Records excerpted from a collection:
*-*-*

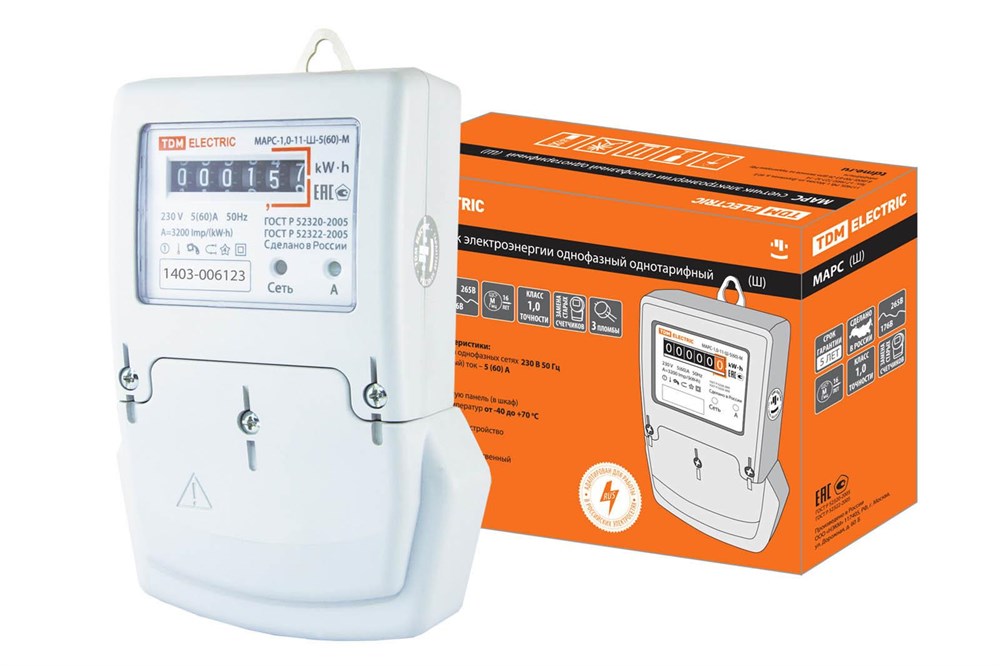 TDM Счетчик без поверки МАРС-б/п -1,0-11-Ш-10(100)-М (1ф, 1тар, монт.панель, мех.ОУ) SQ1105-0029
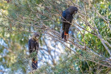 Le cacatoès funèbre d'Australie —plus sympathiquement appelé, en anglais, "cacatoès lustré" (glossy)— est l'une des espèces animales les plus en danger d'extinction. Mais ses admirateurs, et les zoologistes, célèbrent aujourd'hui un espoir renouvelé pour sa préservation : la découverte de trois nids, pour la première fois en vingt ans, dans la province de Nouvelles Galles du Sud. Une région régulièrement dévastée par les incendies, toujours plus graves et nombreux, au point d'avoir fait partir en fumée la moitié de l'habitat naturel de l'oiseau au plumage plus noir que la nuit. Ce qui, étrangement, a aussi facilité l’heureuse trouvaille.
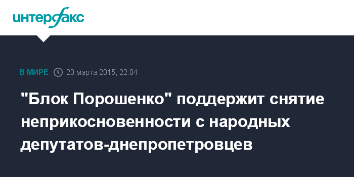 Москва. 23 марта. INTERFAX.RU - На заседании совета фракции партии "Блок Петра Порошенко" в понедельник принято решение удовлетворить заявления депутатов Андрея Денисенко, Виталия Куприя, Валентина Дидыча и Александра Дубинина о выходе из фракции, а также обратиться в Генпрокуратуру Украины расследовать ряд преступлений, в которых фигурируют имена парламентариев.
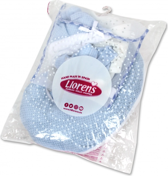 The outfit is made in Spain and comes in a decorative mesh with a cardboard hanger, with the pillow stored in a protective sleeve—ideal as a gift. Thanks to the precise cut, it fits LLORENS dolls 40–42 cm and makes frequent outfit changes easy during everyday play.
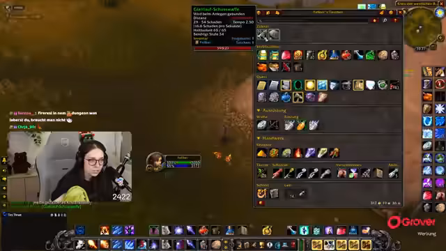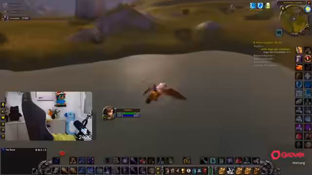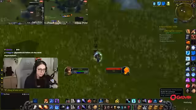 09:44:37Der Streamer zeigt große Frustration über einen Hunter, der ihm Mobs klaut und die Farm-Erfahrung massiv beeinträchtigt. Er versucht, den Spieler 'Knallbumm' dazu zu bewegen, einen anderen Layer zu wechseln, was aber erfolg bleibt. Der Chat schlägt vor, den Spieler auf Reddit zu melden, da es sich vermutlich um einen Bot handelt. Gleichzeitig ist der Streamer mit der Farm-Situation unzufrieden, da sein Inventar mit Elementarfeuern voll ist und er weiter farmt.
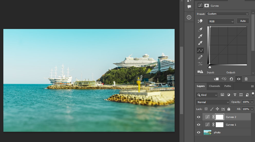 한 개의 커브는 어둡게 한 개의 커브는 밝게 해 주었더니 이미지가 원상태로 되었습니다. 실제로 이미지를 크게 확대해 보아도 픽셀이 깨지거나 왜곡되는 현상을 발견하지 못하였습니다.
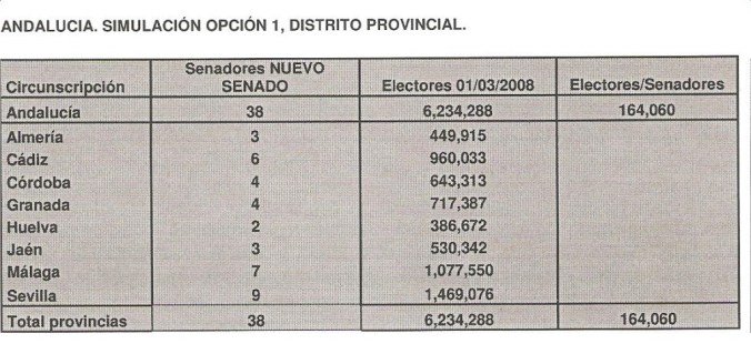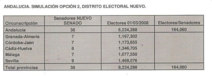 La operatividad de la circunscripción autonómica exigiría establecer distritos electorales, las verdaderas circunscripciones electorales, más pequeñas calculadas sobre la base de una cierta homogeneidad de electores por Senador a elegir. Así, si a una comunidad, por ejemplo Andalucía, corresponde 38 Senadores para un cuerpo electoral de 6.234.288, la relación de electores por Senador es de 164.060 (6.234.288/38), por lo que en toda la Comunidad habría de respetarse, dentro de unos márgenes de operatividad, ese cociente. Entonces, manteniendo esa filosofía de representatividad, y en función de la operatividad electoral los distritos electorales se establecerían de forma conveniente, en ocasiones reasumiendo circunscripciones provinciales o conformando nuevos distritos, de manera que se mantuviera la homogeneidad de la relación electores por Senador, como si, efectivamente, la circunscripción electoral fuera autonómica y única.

*-*-*

**GOAL OF THE EXERCISE:** You need to copy every entry exactly, taking out only the pictures.

**TASK ANSWER:**
 TDM Счетчик без поверки МАРС-б/п -1,0-11-Ш-10(100)-М (1ф, 1тар, монт.панель, мех.ОУ) SQ1105-0029
 Le cacatoès funèbre d'Australie —plus sympathiquement appelé, en anglais, "cacatoès lustré" (glossy)— est l'une des espèces animales les plus en danger d'extinction. Mais ses admirateurs, et les zoologistes, célèbrent aujourd'hui un espoir renouvelé pour sa préservation : la découverte de trois nids, pour la première fois en vingt ans, dans la province de Nouvelles Galles du Sud. Une région régulièrement dévastée par les incendies, toujours plus graves et nombreux, au point d'avoir fait partir en fumée la moitié de l'habitat naturel de l'oiseau au plumage plus noir que la nuit. Ce qui, étrangement, a aussi facilité l’heureuse trouvaille.
 Москва. 23 марта. INTERFAX.RU - На заседании совета фракции партии "Блок Петра Порошенко" в понедельник принято решение удовлетворить заявления депутатов Андрея Денисенко, Виталия Куприя, Валентина Дидыча и Александра Дубинина о выходе из фракции, а также обратиться в Генпрокуратуру Украины расследовать ряд преступлений, в которых фигурируют имена парламентариев.
 The outfit is made in Spain and comes in a decorative mesh with a cardboard hanger, with the pillow stored in a protective sleeve—ideal as a gift. Thanks to the precise cut, it fits LLORENS dolls 40–42 cm and makes frequent outfit changes easy during everyday play.
 09:44:37Der Streamer zeigt große Frustration über einen Hunter, der ihm Mobs klaut und die Farm-Erfahrung massiv beeinträchtigt. Er versucht, den Spieler 'Knallbumm' dazu zu bewegen, einen anderen Layer zu wechseln, was aber erfolg bleibt. Der Chat schlägt vor, den Spieler auf Reddit zu melden, da es sich vermutlich um einen Bot handelt. Gleichzeitig ist der Streamer mit der Farm-Situation unzufrieden, da sein Inventar mit Elementarfeuern voll ist und er weiter farmt.
 한 개의 커브는 어둡게 한 개의 커브는 밝게 해 주었더니 이미지가 원상태로 되었습니다. 실제로 이미지를 크게 확대해 보아도 픽셀이 깨지거나 왜곡되는 현상을 발견하지 못하였습니다.
 La operatividad de la circunscripción autonómica exigiría establecer distritos electorales, las verdaderas circunscripciones electorales, más pequeñas calculadas sobre la base de una cierta homogeneidad de electores por Senador a elegir. Así, si a una comunidad, por ejemplo Andalucía, corresponde 38 Senadores para un cuerpo electoral de 6.234.288, la relación de electores por Senador es de 164.060 (6.234.288/38), por lo que en toda la Comunidad habría de respetarse, dentro de unos márgenes de operatividad, ese cociente. Entonces, manteniendo esa filosofía de representatividad, y en función de la operatividad electoral los distritos electorales se establecerían de forma conveniente, en ocasiones reasumiendo circunscripciones provinciales o conformando nuevos distritos, de manera que se mantuviera la homogeneidad de la relación electores por Senador, como si, efectivamente, la circunscripción electoral fuera autonómica y única.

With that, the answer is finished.